Cuban Opposition Asks to Meet With Borrell and Bachelet for International Support

Josep Borrell will be in Cuba in mid-October, a few days before becoming head of European diplomacy. (EFE)

14ymedio bigger14ymedio, Havana, 1 October 2019 — The Cuban opposition is trying to involve more international actors in their struggle this fall. On the one hand, the Cuban Human Rights Observatory (OCDH), based in Madrid, addressed the Spanish Minister of Foreign Affairs, EU and Cooperation, Josep Borrell, on the eve of his visit to the island in the middle of the month and has asked him to meet with Cuban exiles.

This meeting would be “very useful, even in the face of the new responsibility” awaiting the Chancellor, who will assume the leadership of European diplomacy in November, succeeding the Italian Federica Mogherini. In addition, the OCDH urges Borrell to “receive and listen” in Havana to representatives of opposition groups, “the only way to know the two sides of the current Cuban reality.”

The Observatory, always critical of the relations between Brussels and Havana since the end of the European Union’s Common Position on Cuba, states in its letter: “We strive to understand the concerns and reasons that the EU and its member states may confront in our present and future. We presume that they respond to what they consider best for the Cuban people, but we fail to understand why the Union has suspended its moral judgment in its relations with Cuba, when it has been scrupulously demanding in respect for rights and freedoms with third countries and with their member states.”

“It appears that, for Cubans, a context of repression and limitations on fundamental rights and freedoms, such as the current one, is acceptable to the EU and the Government of Spain. If there really is the political will to help solve the Cuban problem, begin by including all actors of civil society and the opposition, in Cuba and in exile, in initiatives that affect the general interests of our nation. Otherwise, you will simply be favoring spurious interests outside the noble pretensions proclaimed by the EU,” they demand.

The OCDH strongly accuses Spain of being solely interested in its economic revenues for “the emphasis on issues related to Spanish investments in Cuba.” “It is essential not to lower the level of demand to those who must accept that the human dignity and freedoms of all must be respected,” the letter adds.

On Monday, for its part, the Cuban Alliance for Inclusion and the Cuban Women’s Network, issued a letter to Michelle Bachelet in which they ask the UN High Commissioner for Human Rights to join their fight.

“You are identified as a powerful voice for the Rights of women and it is on their behalf that we ask you to stand in solidarity with the reality of women who in Cuba want to participate in the public life of our country and we only receive arrests, threats and exclusions of all kinds,” they explain.

The associations, which recently launched the #UnidasPorNuestrosDerechos (United For Our Rights) campaign, which is repressed by the Government, also asked the Cuban president to receive them, just as he did with the Argentine association Abuelas de la Plaza de Mayo (Grandmothers of the Plaza de Mayo).
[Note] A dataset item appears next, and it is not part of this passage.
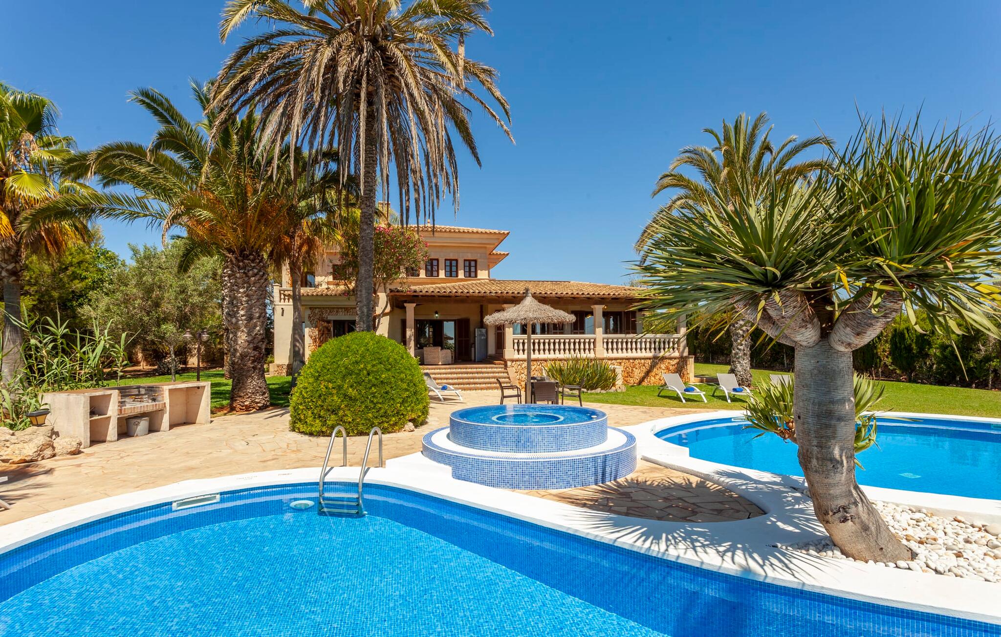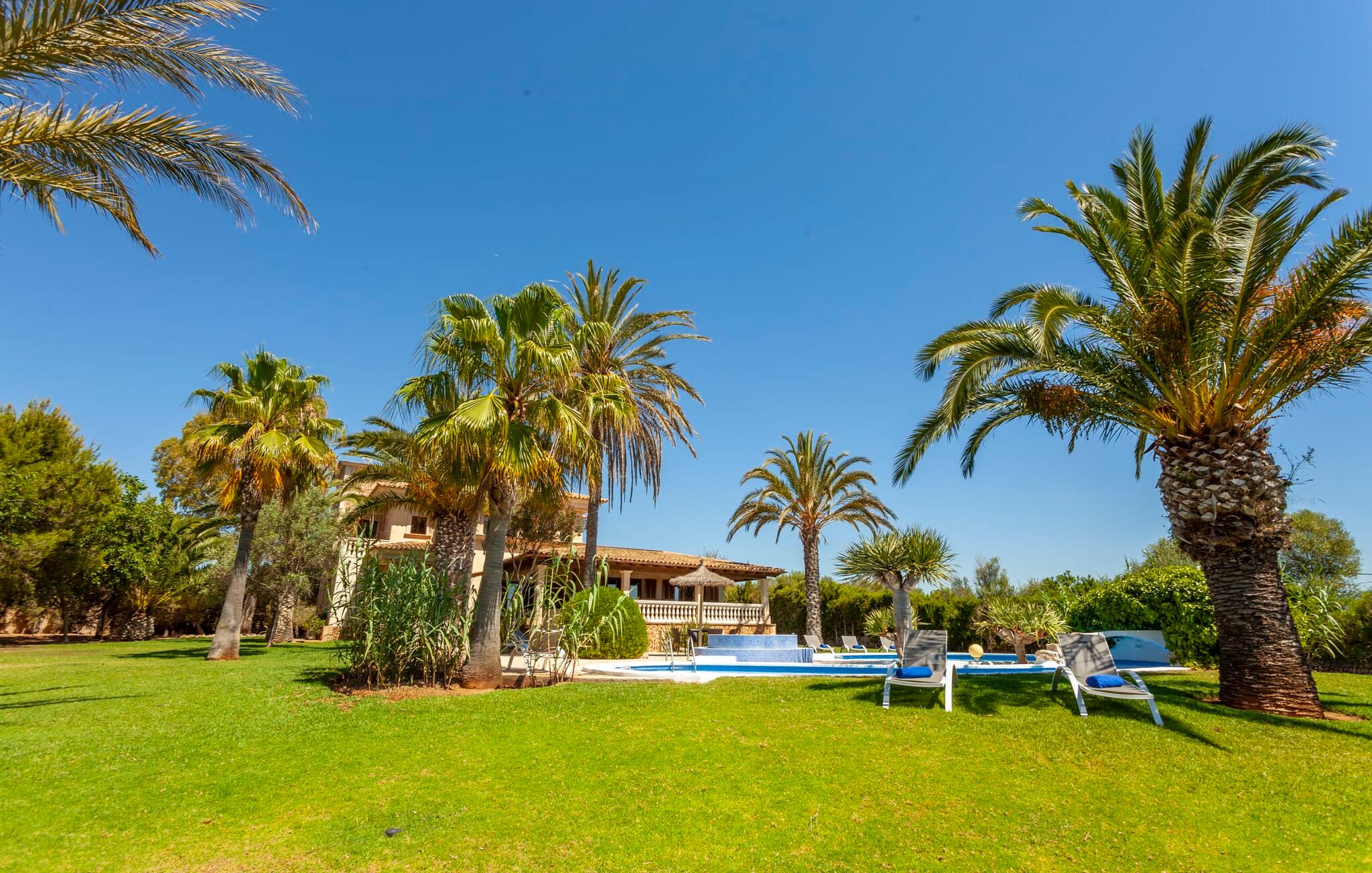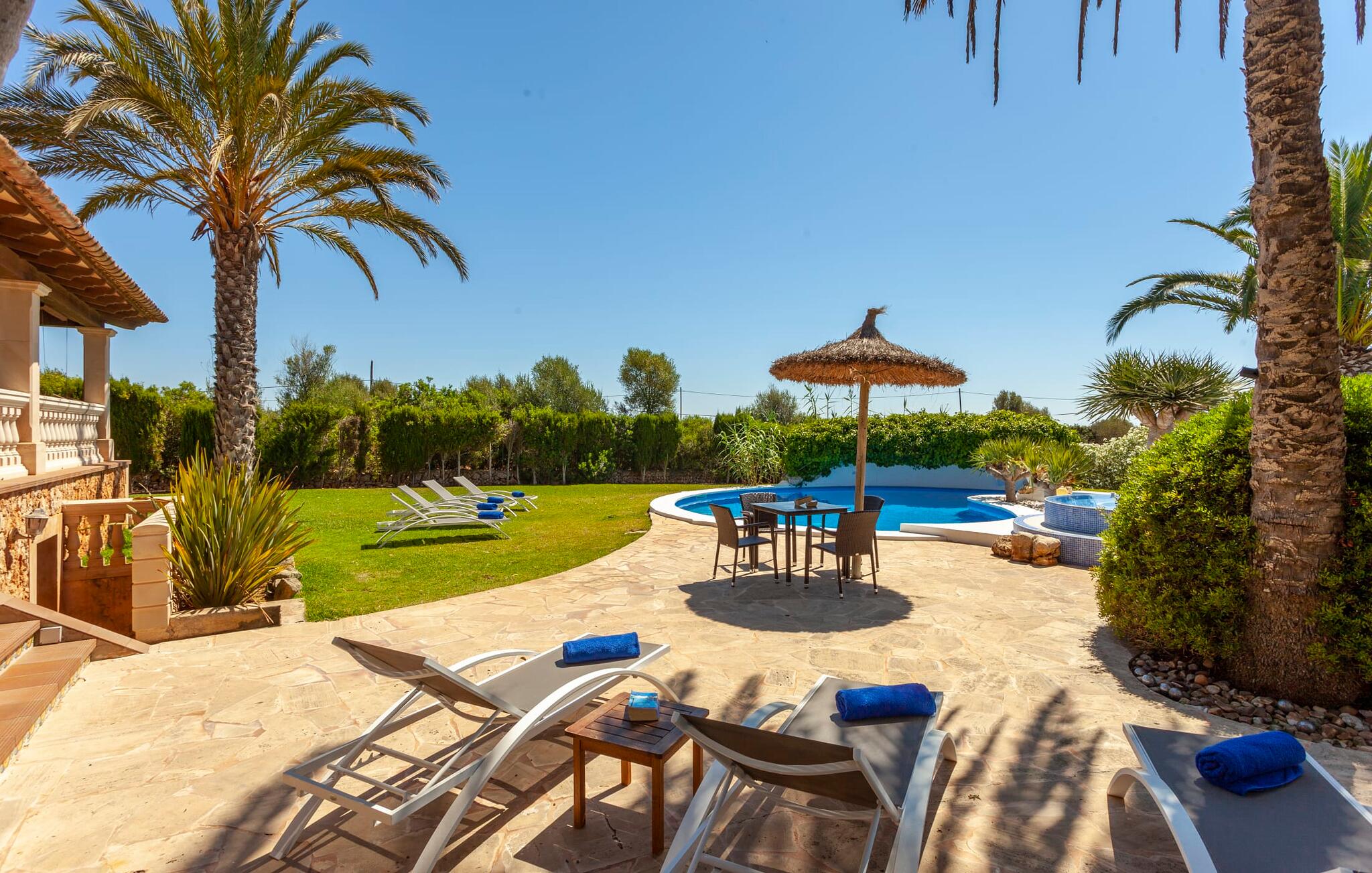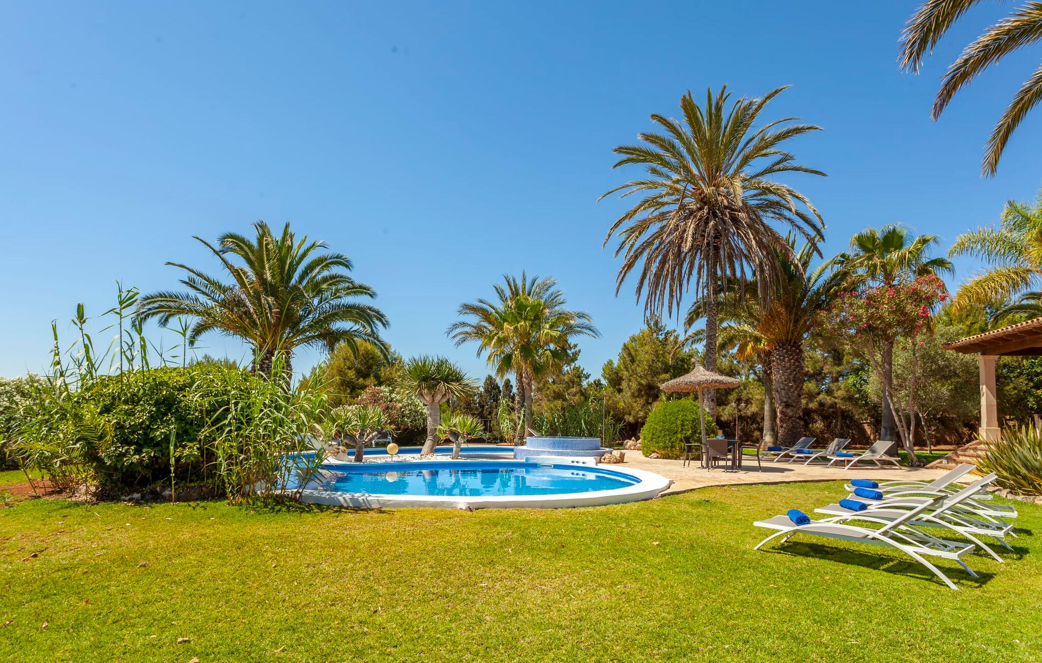 Hier kun je echt genieten van het plattelandsleven: in de uitstekend onderhouden, ruime Villa Sa Tanca Nova op een groot landgoed met indrukwekkende palmbomen en een liefdevol ontworpen zwembad dat zich kan meten met een sterrenhotel. Het zandkleurige huis met het bijzonder mooie overdekte terras, vanwaar je een geweldig uitzicht hebt op de tuin, zal je in alle opzichten overtuigen. Als je vanaf het terras een paar treden naar beneden gaat, kom je al bij het zacht glooiende zwembad, dat turquoise glinstert in de zon, en dit zwembad is allesbehalve een saaie rechthoek. Het heeft niet alleen een buitenwhirlpool, maar ook een cirkelvormige lay-out met een mooi eilandje in het midden en een brug als extra hoogtepunt. Niet alleen de kinderen zullen hier graag een paar baantjes trekken! En als je geen zin hebt in een frisse duik, kun je ontspannen op een van de comfortabele ligstoelen of een spelletje tafeltennis spelen met je medereizigers aan de eigen tafel. Geniet daarna van vers bereide lekkernijen van de gemetselde barbecue en een slaapmutsje op de gezellige rieten stoelen op het terras - de perfecte afsluiting van je dag!

In their letter to Bachelet, and after congratulating her on the Hillary Rodham Clinton Award for Advancing Women in Peace and Security, which recognizes her as a “permanent fighter for rights and gender equity,” they indicate that Cuba is in a serious crisis and her visit would be valuable. “In your capacity as High Commissioner, to verify this situation and help us find a way to respect the human rights of all Cubans.”

“The independent civil society of Cuba invites you. We wait for you with the faith that your intervention can support our efforts,” they conclude.